Arthur Rackham [Public domain], via Wikimedia Commons, 1909
Arthur Rackham [Public domain], via Wikimedia Commons, 1909
Brothers Grimm fairytale about the young damsel with enchanted golden hair locked up in the tower hits on me. The hair is used as a rope for the witch who keeps Rapuntzel away from the world. Whenever she needs to visit Rapuntzel and climb to her chamber, she sings the spell. The spell opens the gate to beauty and richness.

But what if it does more?

What if it unlocks fears and desires? What if the spell unlocks the acceptance of the 50/50 rule?

Sometimes the witch climbs the golden stairs, and sometimes the prince climbs the golden stairs.

Although we all know how it all went once the Prince learnt the spell, the truth is that without the witch’s 50 percent part in it, creating the spell and maintaining secrecy about it, he would never have thought of Rapunzel as being fascinating, as worth conquering, and as fulfilling his deepest desire.

The point here is that any string of cards, whether laid out as a Celtic Cross or as a three-card spread, tells a story that can be experienced both spontaneously and as validating of what you already know. As soon as the image hits your eyes, you find words pouring. Words that describe, analyze, evaluate, and give advice.

In my new video lecture series about the power of the trumps, I talk about how the image follows the words, always, simply because what makes divination an act of fortunetelling is words, the words that go into formulating in the form of a question what you have in your heart: hopes and fears.

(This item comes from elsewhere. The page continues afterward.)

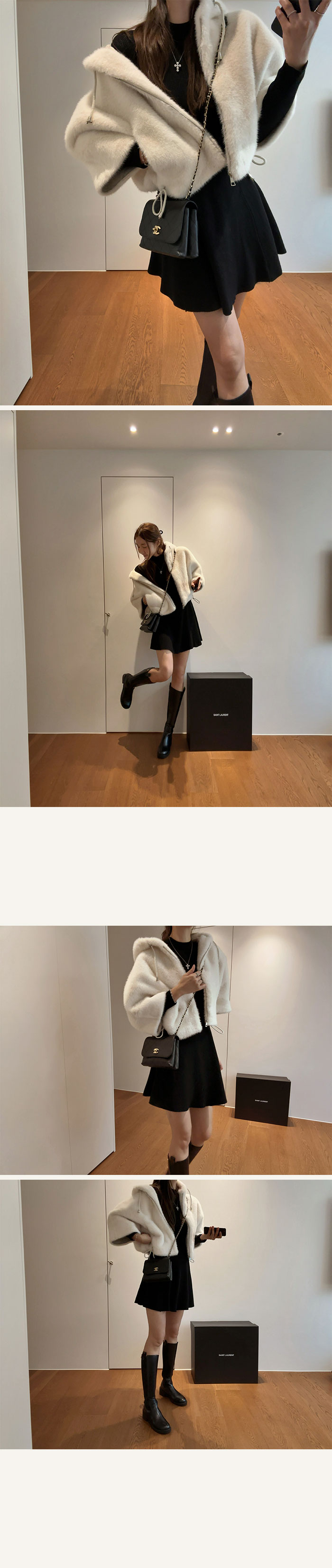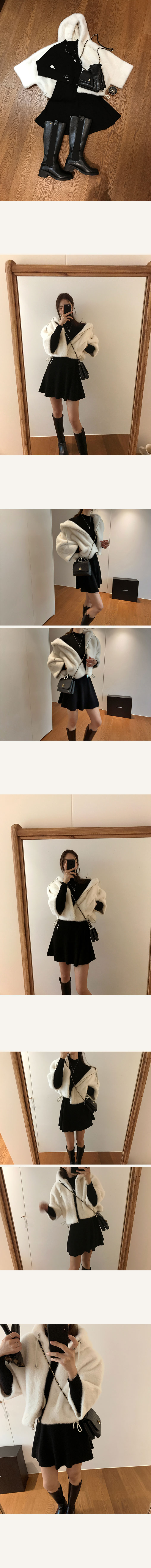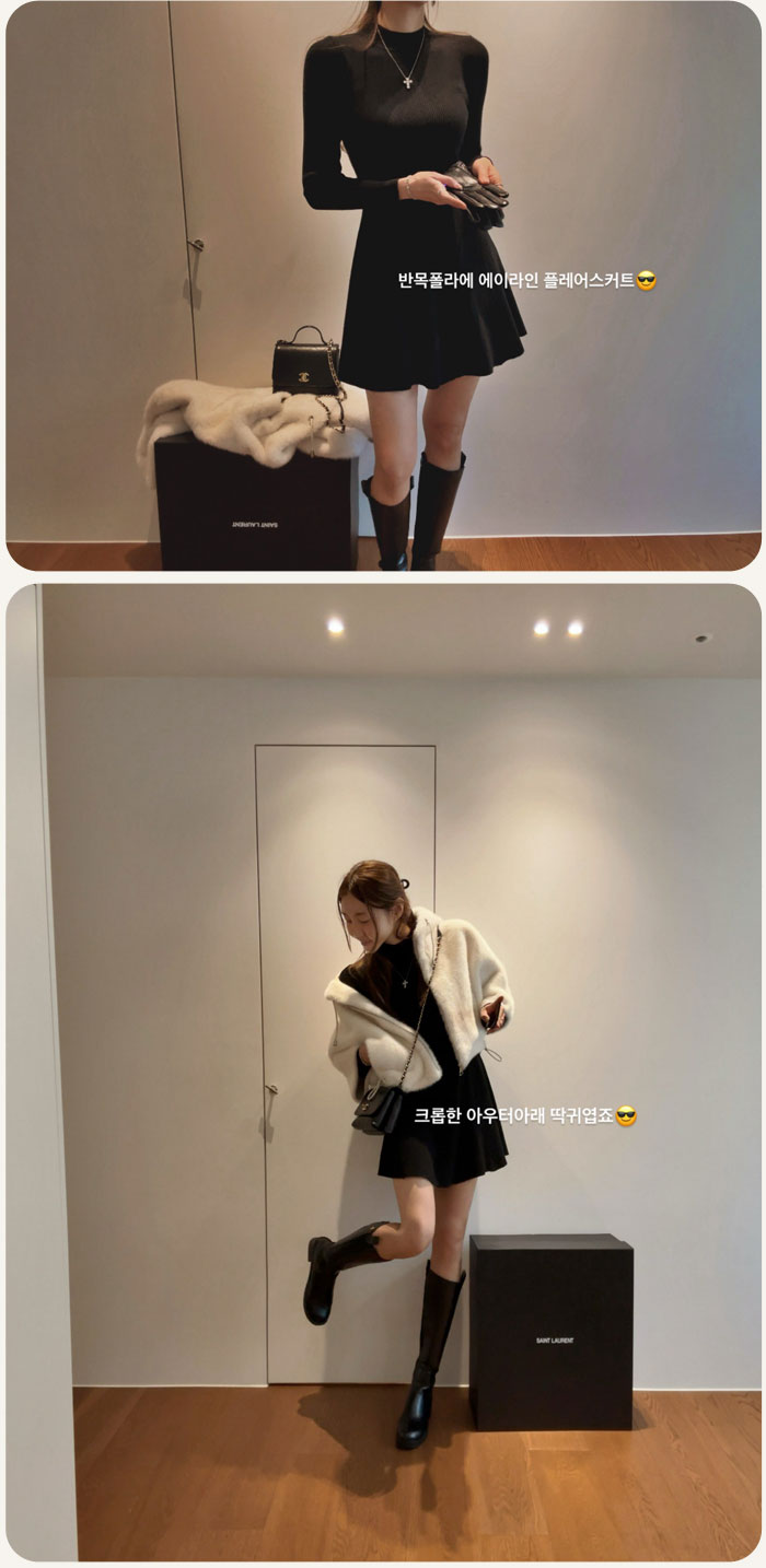 미니 기장감이지만 살짝 반목 디자인으로 겨울에 착용해도
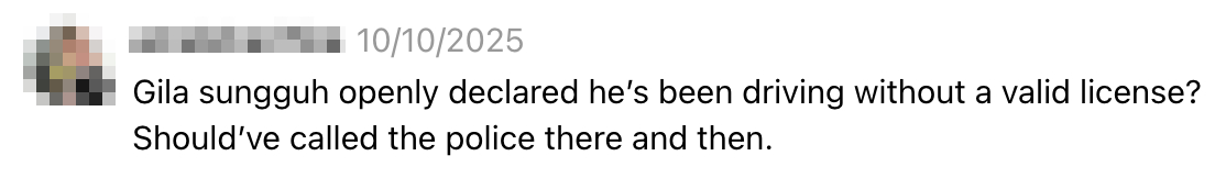 Following the post, many netizens commented that the man should be reported for driving without a licence.

How do you go beyond them?

Priestess, oh priestess, let down your words so that I may climb thy inky swords.

The word is sharper than the sword, they say. Perhaps, indeed, what cuts the Hanged Man’s rope is the parole, the uttered spell, not the blade, and not the axe, but the enchantment that will last…

(… that is, if the Prince manages to escape getting hung up by the foot in the gold hair.)